Cacti - T. pachanoi (San Pedro)
Citation: anonymous. "DIdn't Work: An Experience with Cacti - T. pachanoi (San Pedro) (exp51868)". Erowid.org. Jan 6, 2012. erowid.org/exp/51868
I'm 99% sure that the 'San Pedro experience' is wholly imagined by people who've never done a real trip drug with overactive imaginations. I made the mistake of buying a large amount of fresh cacti tops. Each time I ingested this noxious crap I felt like I was borderline tripping but never actually had any visuals. I doubled the dose, still nothing. Gave away some to friends all who had the same lack of effect. A year later some other fool I know bought a bunch of this crap and sold several 'doses.' I got the opportunity to talk to a whole bunch of very disappointed customers that told me that this drug didn't work. At first the kid and a friend of his (neither of which have actually tripped on any real drugs) claimed they actually did trip. After I explained to them what a real trip was like and they saw my roommate trip on acid (I also mentioned that an acid trip is much more wild than a shroom trip for example) they renounced their claim and admitted that it was all just the product of an overactive imagination. Furthermore, I got to talk to one of their disappointed customers while he was 'on' the stuff. No pupil dilation, and he said he was 'borderline tripping' -- perfectly fitting my imagination theory. After I told him that it didn't work for me and not to be surprised he agreed that it wasn't working for him either.

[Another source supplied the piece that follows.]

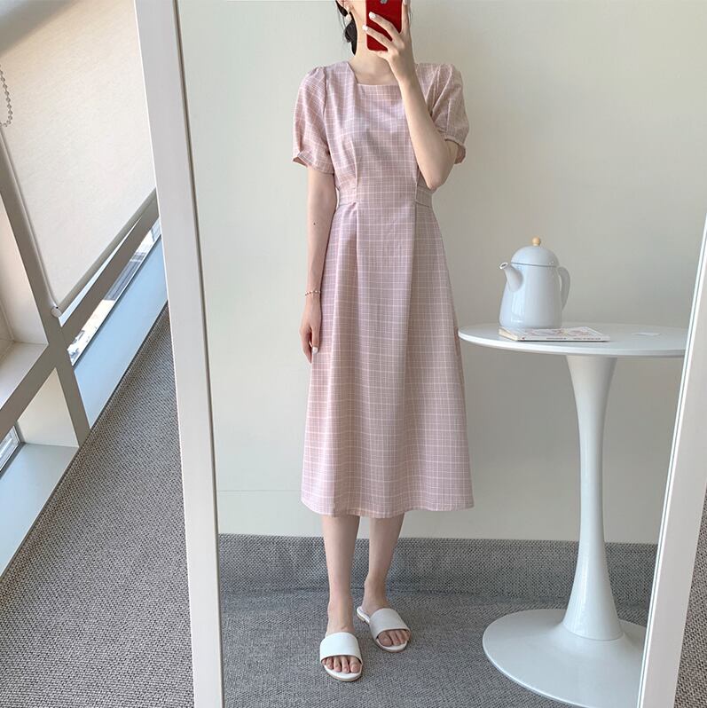 レディース ワンピース フレアワンピース 膝下 袖あり 半袖 ラウンドネック セミフレア 細身 Aライン フリル バックリボン 綿 かわいい 大人可愛い きれいめ シンプル カジュアル 大人 上品 おしゃれ お洒落 キュート とろみ感 S M L XL 青 ブルー ピンク ストライプ 春 秋 2021 30代 OL 通勤 デート 女子会 休日 韓国 韓国系 ファッション コーデ スタイル 送料無料 トレンド 流行 インスタ映え | Rena 韓国ファッション レディースアパレル

The PIHKAL entry sheds some light on maybe why this doesn't work:
'N,N-Dimethylmescaline has been given the trivial name of Trichocerine as it has been found as a natural product in several cacti of the Trichocereus Genus but, interestingly, never in any Peyote variant. It also has proven inactive in man in dosages in excess of 500 milligrams, administered parenterally. This observation, the absence of activity of a simple tertiary amine, has been exploited in the development of several iodinated radiopharmaceuticals that are mentioned elsewhere in this book.'
In other words, these cacti contain a variant of mescaline which is inactive and thereby ineffective.
Some of the experience reports here actually sound like real trips, but I know many angry people who would beg to differ.